**Description of the task**
Every line below from the one with "Add a touch" through the one with "Camiseta infantil, ideal" should be retyped exactly, both ends included; no other lines and no pictures.

**Given records**
= = =

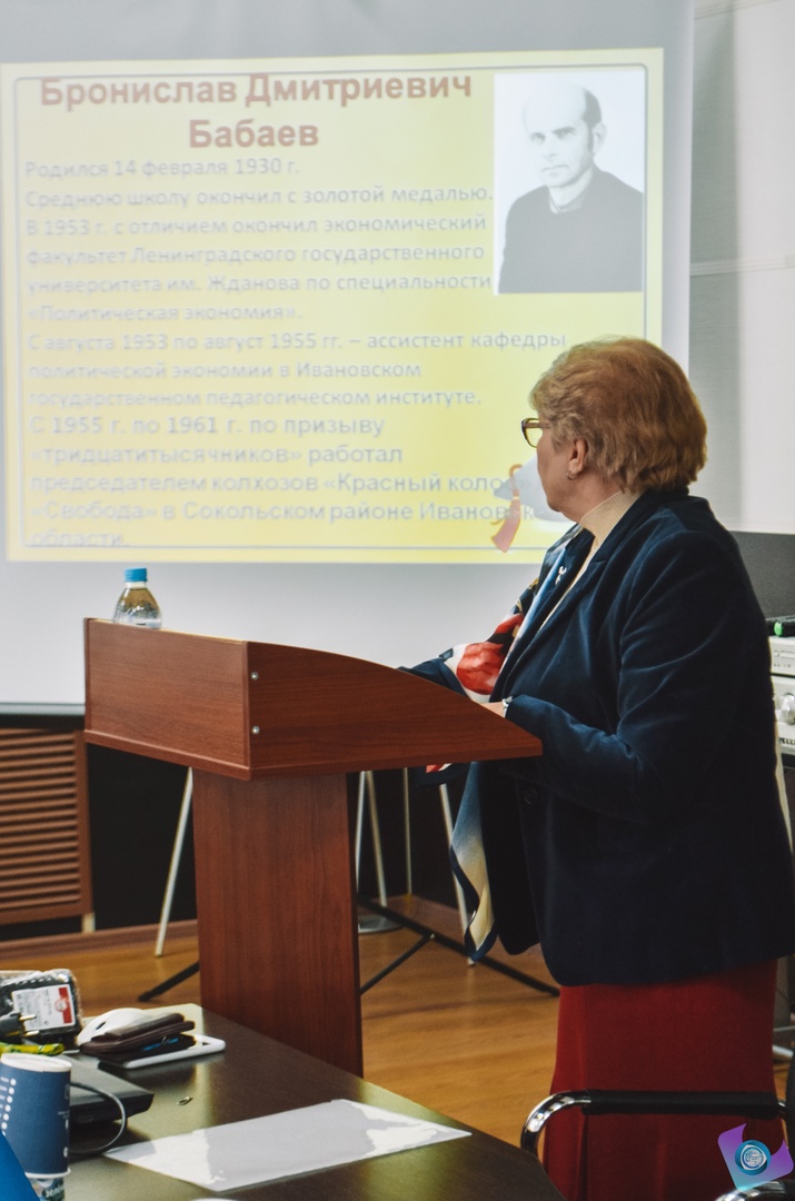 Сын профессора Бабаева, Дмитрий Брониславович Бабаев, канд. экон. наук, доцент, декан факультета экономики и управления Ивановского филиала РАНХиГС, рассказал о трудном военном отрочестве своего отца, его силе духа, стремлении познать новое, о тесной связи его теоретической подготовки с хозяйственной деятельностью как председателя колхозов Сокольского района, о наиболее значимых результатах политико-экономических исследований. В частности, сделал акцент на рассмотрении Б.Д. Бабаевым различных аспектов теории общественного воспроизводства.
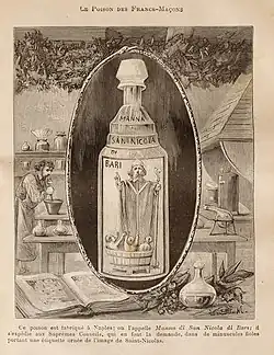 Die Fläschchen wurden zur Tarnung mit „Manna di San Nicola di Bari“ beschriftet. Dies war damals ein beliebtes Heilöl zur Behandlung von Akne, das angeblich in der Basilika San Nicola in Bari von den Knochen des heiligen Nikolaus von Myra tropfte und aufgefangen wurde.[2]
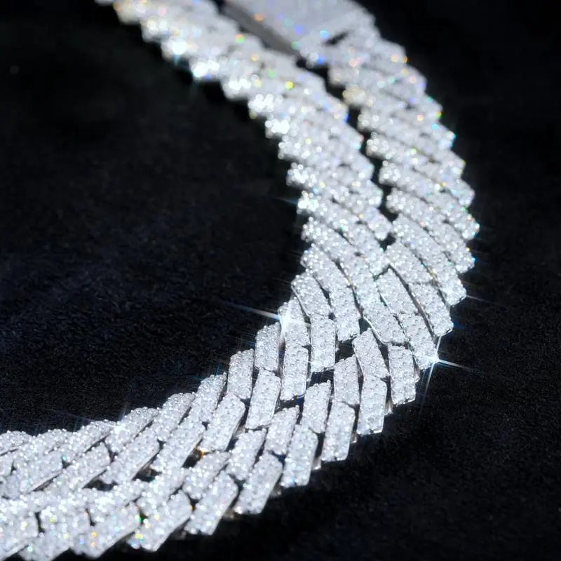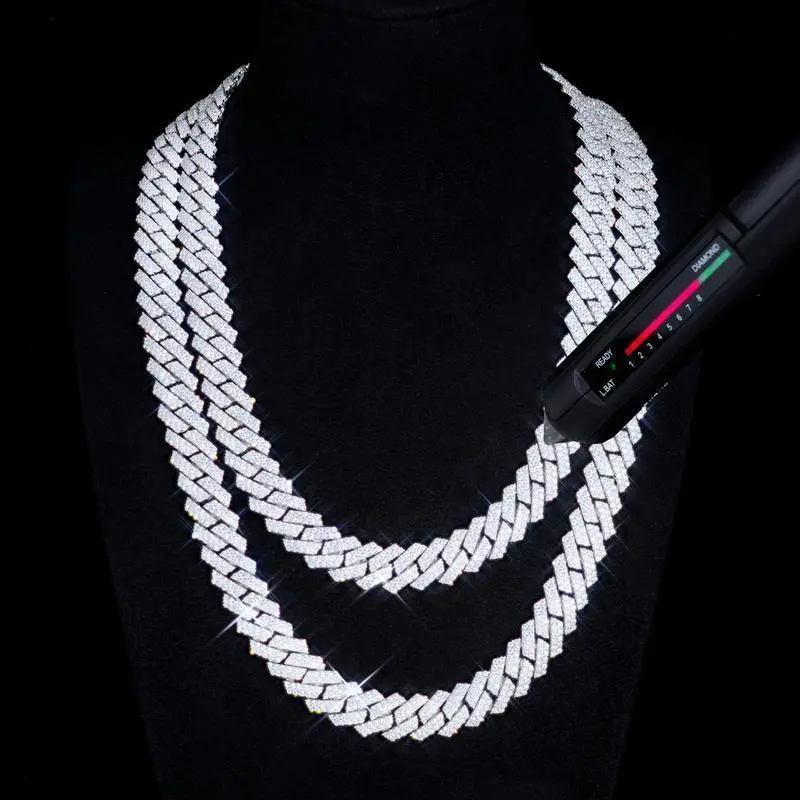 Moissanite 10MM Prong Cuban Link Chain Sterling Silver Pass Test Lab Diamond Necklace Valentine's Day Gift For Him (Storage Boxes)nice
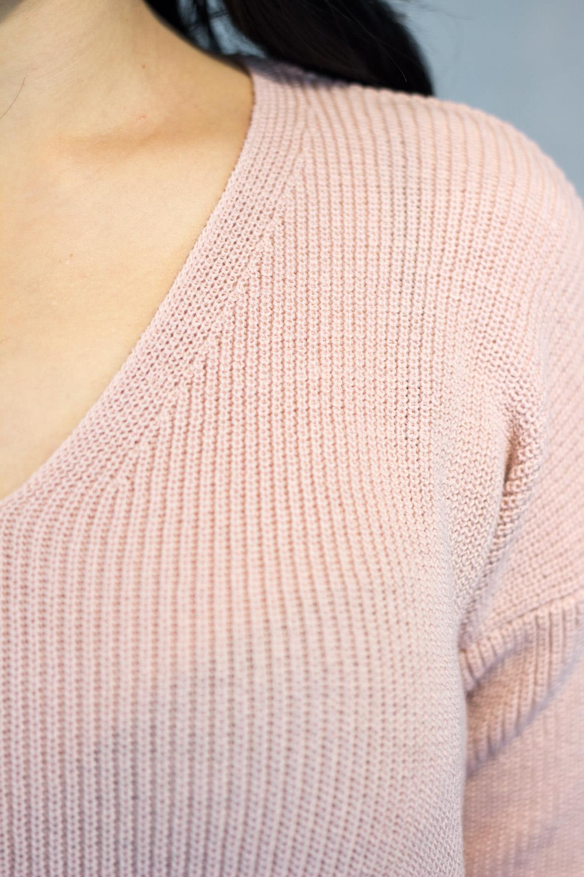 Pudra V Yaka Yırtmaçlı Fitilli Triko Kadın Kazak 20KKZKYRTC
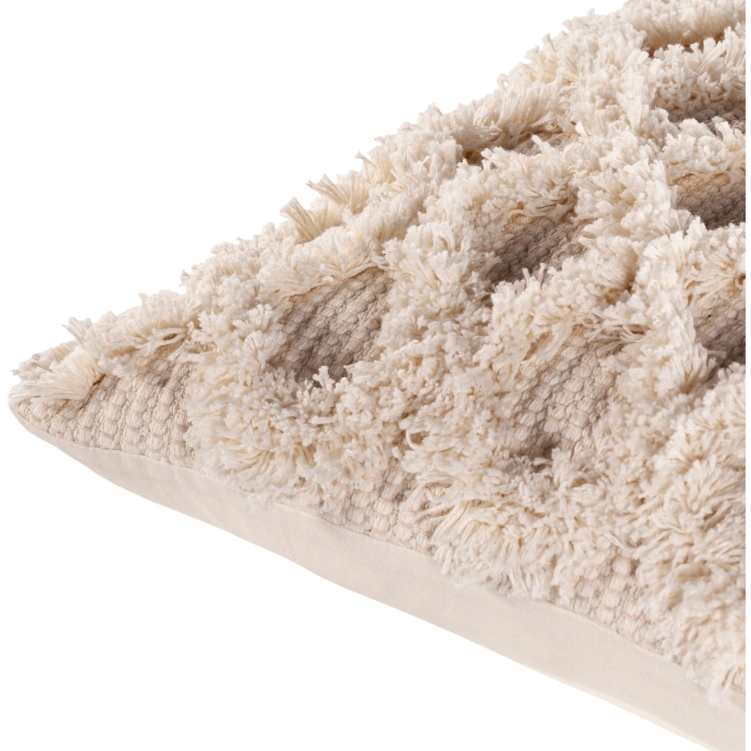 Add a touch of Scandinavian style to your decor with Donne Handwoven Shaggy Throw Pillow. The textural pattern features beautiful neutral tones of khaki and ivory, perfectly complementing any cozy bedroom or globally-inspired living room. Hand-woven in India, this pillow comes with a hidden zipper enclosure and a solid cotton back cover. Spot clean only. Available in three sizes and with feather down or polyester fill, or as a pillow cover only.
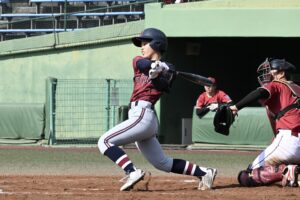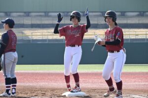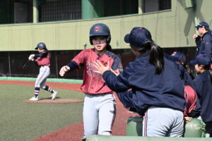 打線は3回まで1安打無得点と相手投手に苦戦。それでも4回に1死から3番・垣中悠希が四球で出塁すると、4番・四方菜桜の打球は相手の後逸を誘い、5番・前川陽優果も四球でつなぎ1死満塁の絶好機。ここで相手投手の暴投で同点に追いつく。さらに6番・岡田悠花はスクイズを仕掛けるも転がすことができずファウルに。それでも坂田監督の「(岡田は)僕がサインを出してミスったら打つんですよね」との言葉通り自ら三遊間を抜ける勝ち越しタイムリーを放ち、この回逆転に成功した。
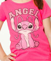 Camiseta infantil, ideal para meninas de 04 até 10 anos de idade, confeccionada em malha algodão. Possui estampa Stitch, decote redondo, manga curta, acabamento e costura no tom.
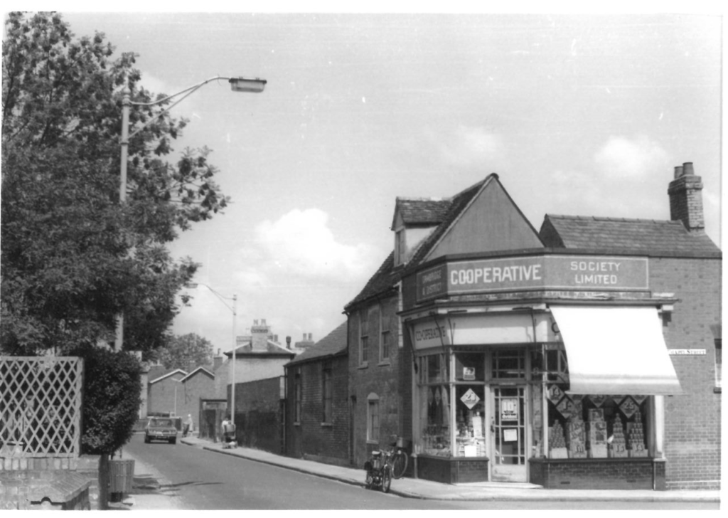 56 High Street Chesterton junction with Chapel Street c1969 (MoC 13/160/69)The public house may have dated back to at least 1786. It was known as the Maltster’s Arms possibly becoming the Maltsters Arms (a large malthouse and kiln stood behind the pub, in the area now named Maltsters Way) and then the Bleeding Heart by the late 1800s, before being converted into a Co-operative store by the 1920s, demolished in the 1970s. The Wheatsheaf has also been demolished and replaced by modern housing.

= = =

**Written response**
 Add a touch of Scandinavian style to your decor with Donne Handwoven Shaggy Throw Pillow. The textural pattern features beautiful neutral tones of khaki and ivory, perfectly complementing any cozy bedroom or globally-inspired living room. Hand-woven in India, this pillow comes with a hidden zipper enclosure and a solid cotton back cover. Spot clean only. Available in three sizes and with feather down or polyester fill, or as a pillow cover only.
 打線は3回まで1安打無得点と相手投手に苦戦。それでも4回に1死から3番・垣中悠希が四球で出塁すると、4番・四方菜桜の打球は相手の後逸を誘い、5番・前川陽優果も四球でつなぎ1死満塁の絶好機。ここで相手投手の暴投で同点に追いつく。さらに6番・岡田悠花はスクイズを仕掛けるも転がすことができずファウルに。それでも坂田監督の「(岡田は)僕がサインを出してミスったら打つんですよね」との言葉通り自ら三遊間を抜ける勝ち越しタイムリーを放ち、この回逆転に成功した。
 Camiseta infantil, ideal para meninas de 04 até 10 anos de idade, confeccionada em malha algodão. Possui estampa Stitch, decote redondo, manga curta, acabamento e costura no tom.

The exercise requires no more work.